### RECORDED INFORMATION

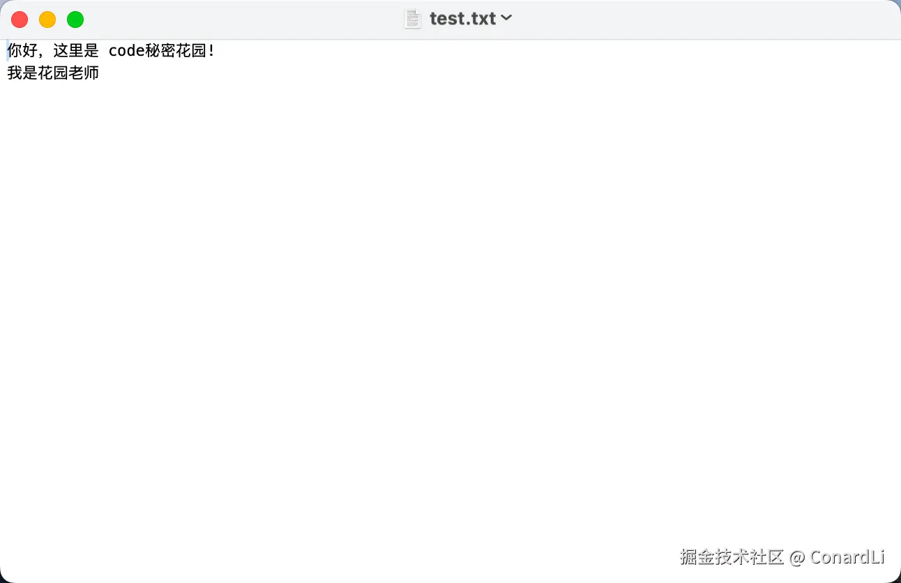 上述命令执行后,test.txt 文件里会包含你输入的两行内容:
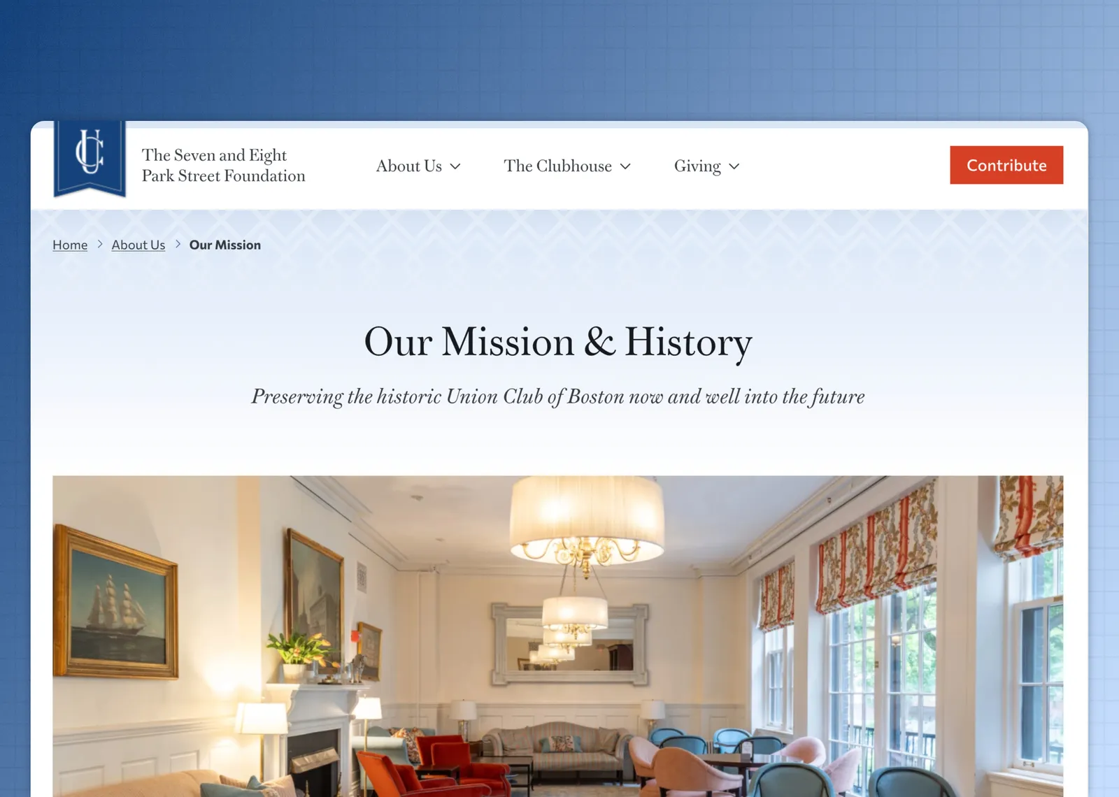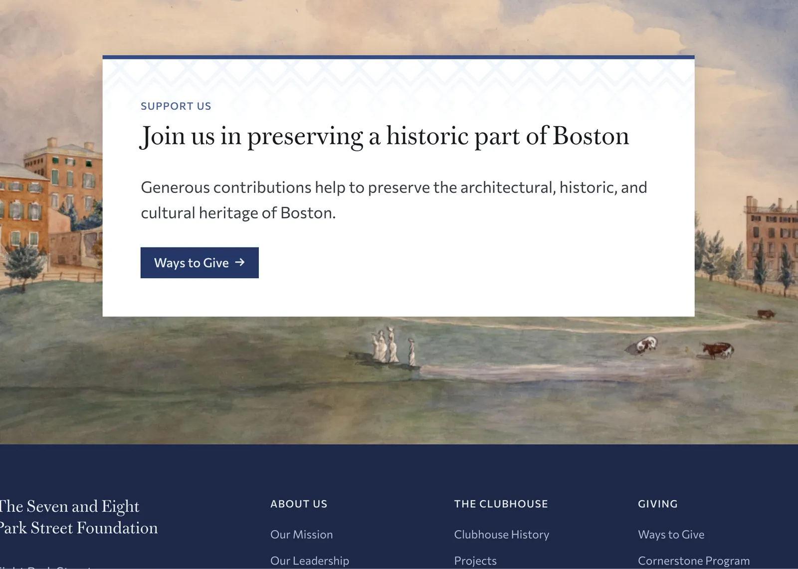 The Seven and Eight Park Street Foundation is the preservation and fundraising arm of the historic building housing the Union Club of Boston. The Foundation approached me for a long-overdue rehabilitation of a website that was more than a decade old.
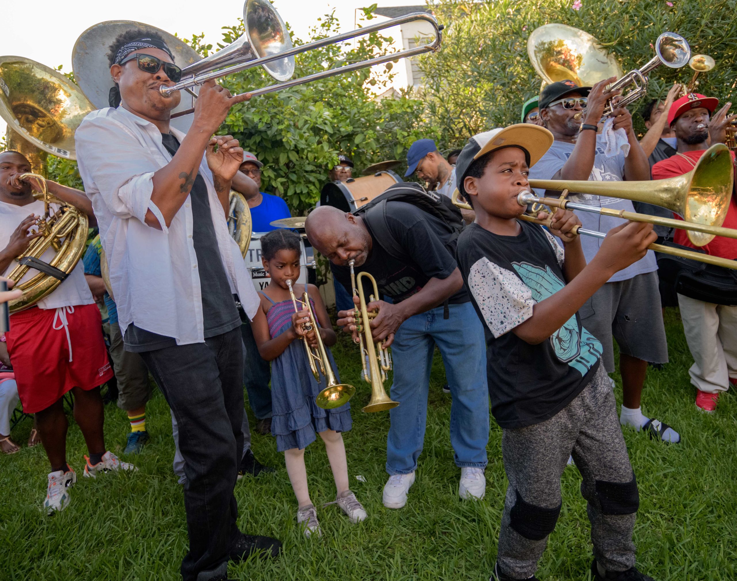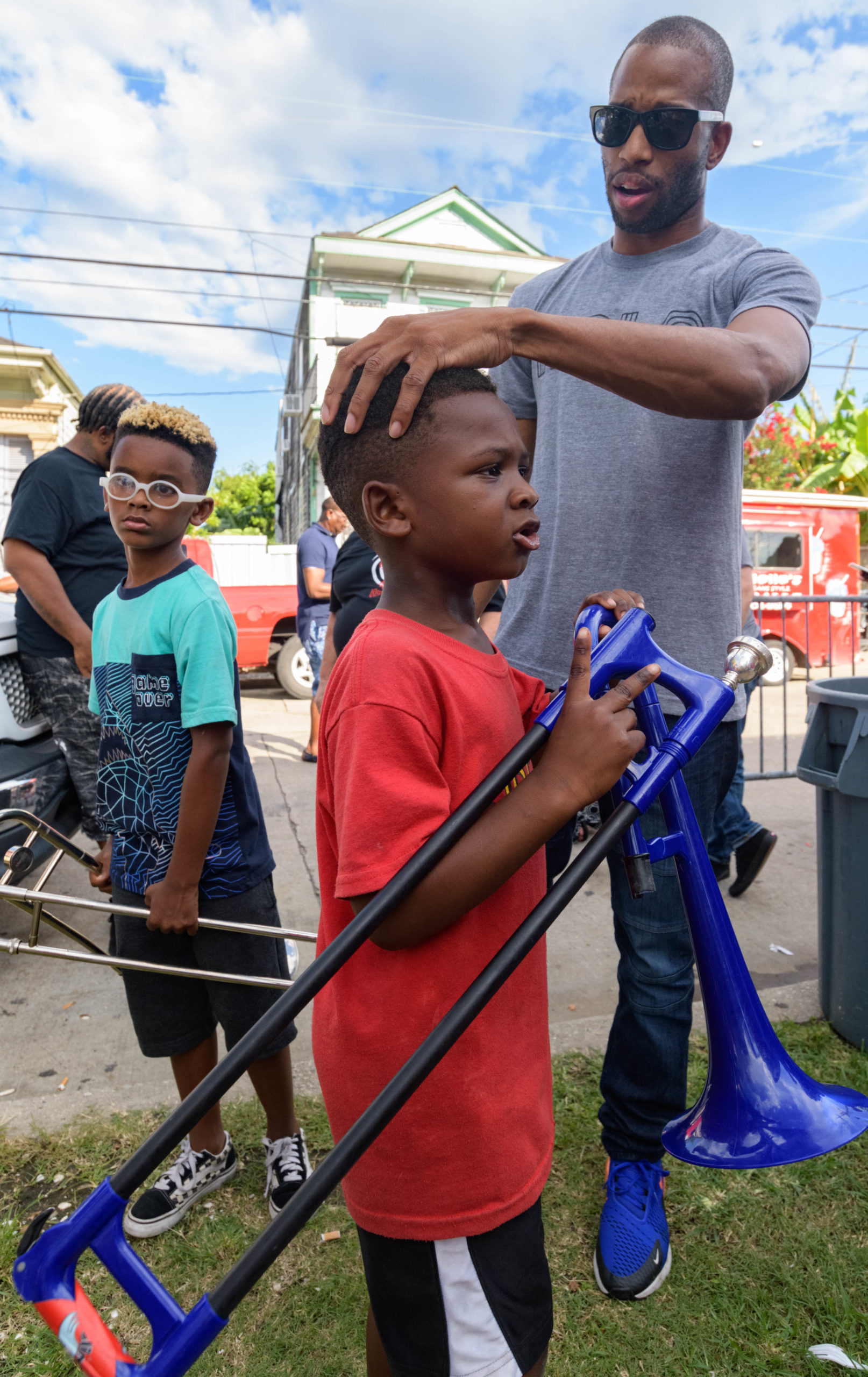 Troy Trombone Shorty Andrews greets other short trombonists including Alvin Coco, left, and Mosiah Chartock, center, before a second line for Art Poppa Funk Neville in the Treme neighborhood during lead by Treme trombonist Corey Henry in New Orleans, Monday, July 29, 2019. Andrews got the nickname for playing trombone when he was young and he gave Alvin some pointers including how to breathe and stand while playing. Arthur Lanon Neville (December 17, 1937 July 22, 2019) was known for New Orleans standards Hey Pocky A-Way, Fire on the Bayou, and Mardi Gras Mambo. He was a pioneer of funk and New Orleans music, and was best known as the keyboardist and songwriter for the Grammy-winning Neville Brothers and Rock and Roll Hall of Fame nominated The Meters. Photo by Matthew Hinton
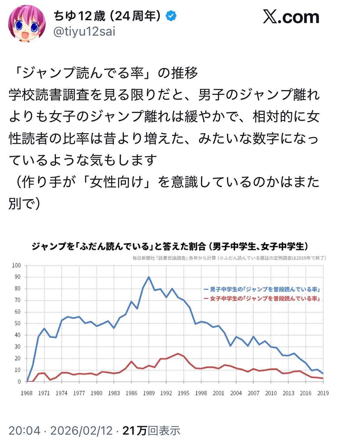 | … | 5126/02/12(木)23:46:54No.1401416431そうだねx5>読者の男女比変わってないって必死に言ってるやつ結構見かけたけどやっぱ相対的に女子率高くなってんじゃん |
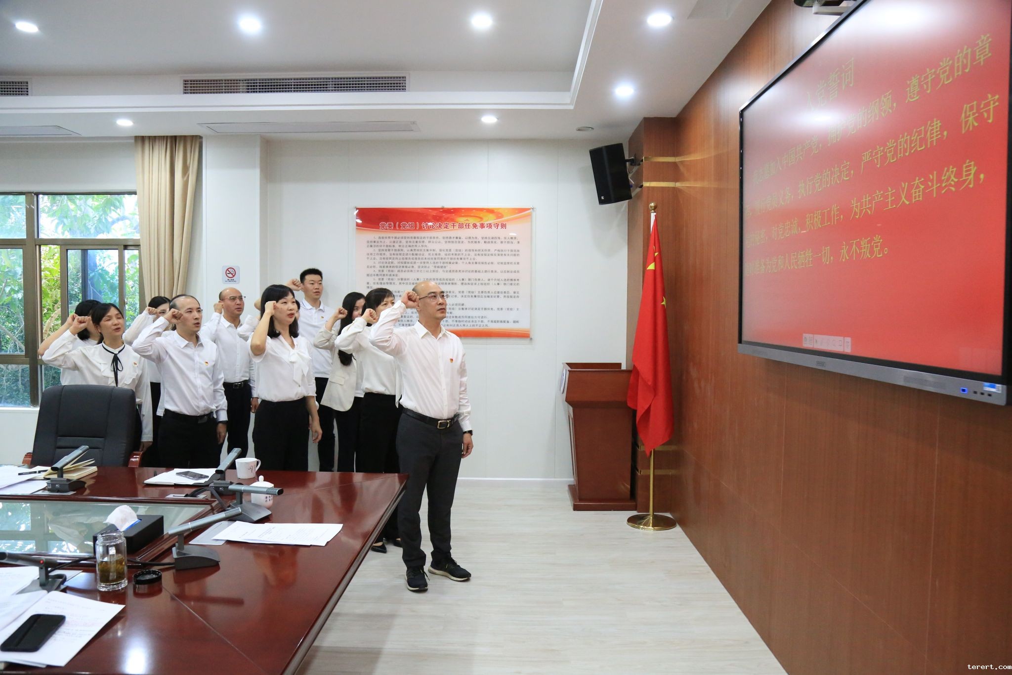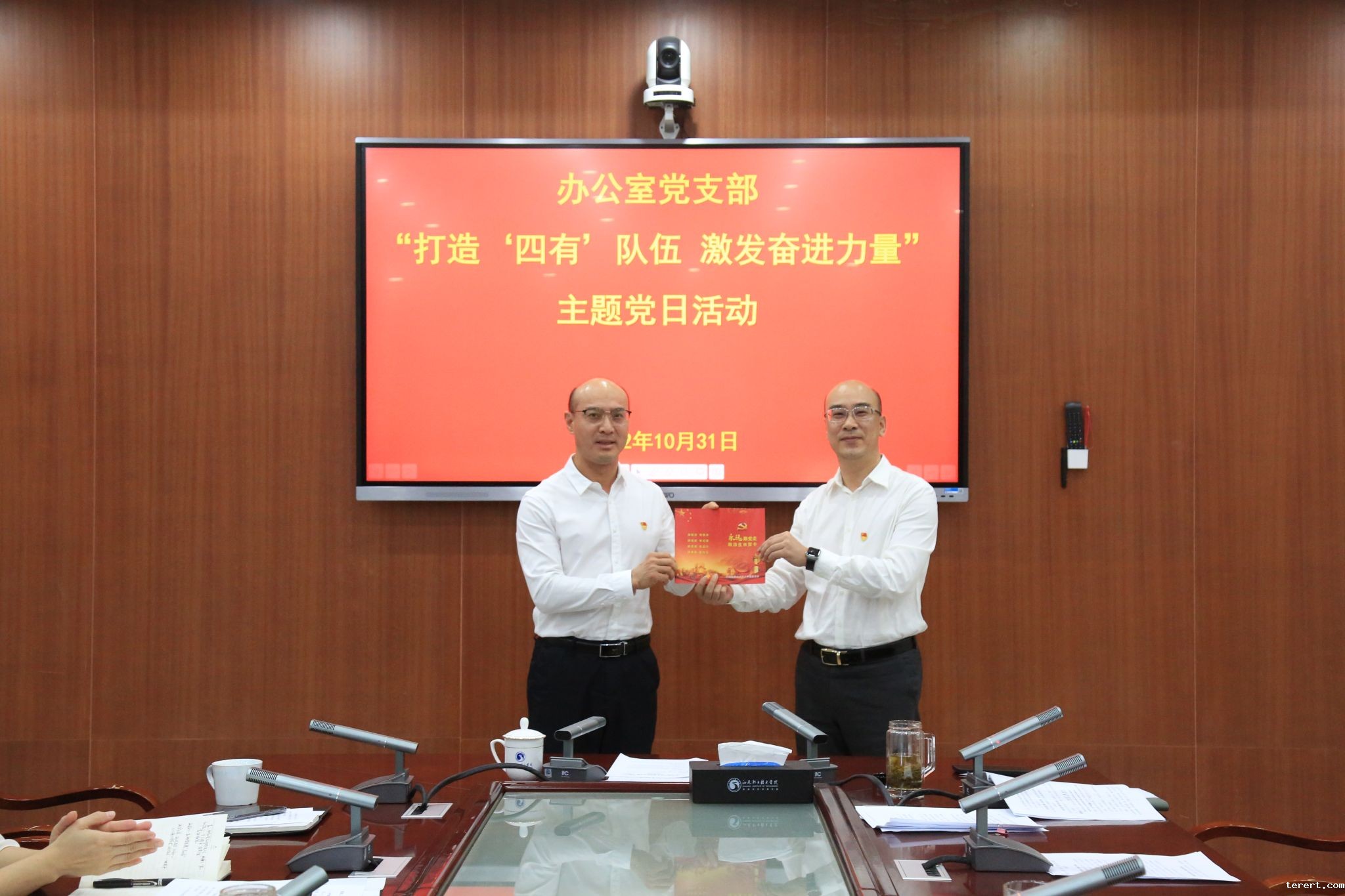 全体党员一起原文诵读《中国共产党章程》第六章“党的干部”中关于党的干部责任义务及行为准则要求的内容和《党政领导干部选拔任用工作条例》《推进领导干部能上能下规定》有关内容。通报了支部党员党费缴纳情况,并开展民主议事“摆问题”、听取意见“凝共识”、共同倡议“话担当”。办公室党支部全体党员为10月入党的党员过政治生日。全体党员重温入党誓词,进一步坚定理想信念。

######

» **WORK REQUIRED**: Every entry above needs to be retyped exactly; drop the pictures.

» **EXERCISE RESULT**:
 上述命令执行后,test.txt 文件里会包含你输入的两行内容:
 The Seven and Eight Park Street Foundation is the preservation and fundraising arm of the historic building housing the Union Club of Boston. The Foundation approached me for a long-overdue rehabilitation of a website that was more than a decade old.
 Troy Trombone Shorty Andrews greets other short trombonists including Alvin Coco, left, and Mosiah Chartock, center, before a second line for Art Poppa Funk Neville in the Treme neighborhood during lead by Treme trombonist Corey Henry in New Orleans, Monday, July 29, 2019. Andrews got the nickname for playing trombone when he was young and he gave Alvin some pointers including how to breathe and stand while playing. Arthur Lanon Neville (December 17, 1937 July 22, 2019) was known for New Orleans standards Hey Pocky A-Way, Fire on the Bayou, and Mardi Gras Mambo. He was a pioneer of funk and New Orleans music, and was best known as the keyboardist and songwriter for the Grammy-winning Neville Brothers and Rock and Roll Hall of Fame nominated The Meters. Photo by Matthew Hinton
 | … | 5126/02/12(木)23:46:54No.1401416431そうだねx5>読者の男女比変わってないって必死に言ってるやつ結構見かけたけどやっぱ相対的に女子率高くなってんじゃん |
 全体党员一起原文诵读《中国共产党章程》第六章“党的干部”中关于党的干部责任义务及行为准则要求的内容和《党政领导干部选拔任用工作条例》《推进领导干部能上能下规定》有关内容。通报了支部党员党费缴纳情况,并开展民主议事“摆问题”、听取意见“凝共识”、共同倡议“话担当”。办公室党支部全体党员为10月入党的党员过政治生日。全体党员重温入党誓词,进一步坚定理想信念。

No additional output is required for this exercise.